-------- Record set

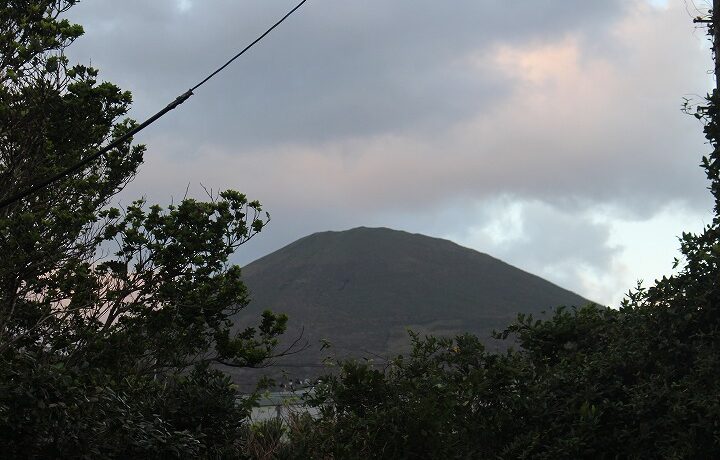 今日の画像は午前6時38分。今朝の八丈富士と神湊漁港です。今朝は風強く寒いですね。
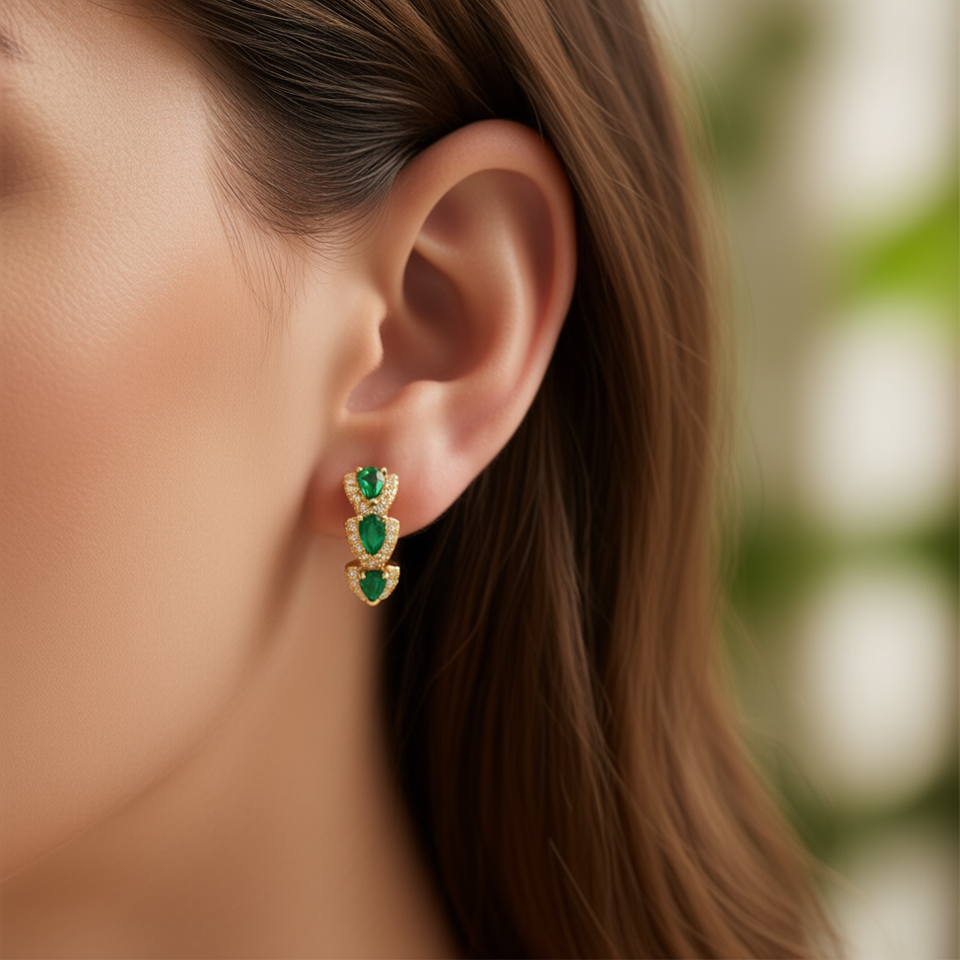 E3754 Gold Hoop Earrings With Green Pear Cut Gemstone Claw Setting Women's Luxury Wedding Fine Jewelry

----------------
-------- Record set

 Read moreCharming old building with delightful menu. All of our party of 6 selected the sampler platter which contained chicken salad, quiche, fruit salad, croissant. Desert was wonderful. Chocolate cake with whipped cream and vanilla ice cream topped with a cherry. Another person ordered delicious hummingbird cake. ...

----------------
-------- Record set

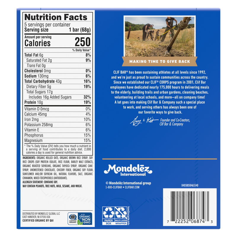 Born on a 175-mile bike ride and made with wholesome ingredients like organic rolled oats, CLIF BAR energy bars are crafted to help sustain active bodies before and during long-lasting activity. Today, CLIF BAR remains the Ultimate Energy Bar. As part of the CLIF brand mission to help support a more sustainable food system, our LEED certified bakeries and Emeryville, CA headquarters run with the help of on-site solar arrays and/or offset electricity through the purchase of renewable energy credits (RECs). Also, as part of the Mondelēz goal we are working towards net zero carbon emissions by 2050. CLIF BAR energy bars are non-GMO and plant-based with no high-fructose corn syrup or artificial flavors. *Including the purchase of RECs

----------------

When copying from the data above, begin at the line containing "今日の画像は午前6時38分。" and end at the line containing "E3754 Gold Hoop"; return those lines exactly and leave all pictures behind.

 今日の画像は午前6時38分。今朝の八丈富士と神湊漁港です。今朝は風強く寒いですね。
 E3754 Gold Hoop Earrings With Green Pear Cut Gemstone Claw Setting Women's Luxury Wedding Fine Jewelry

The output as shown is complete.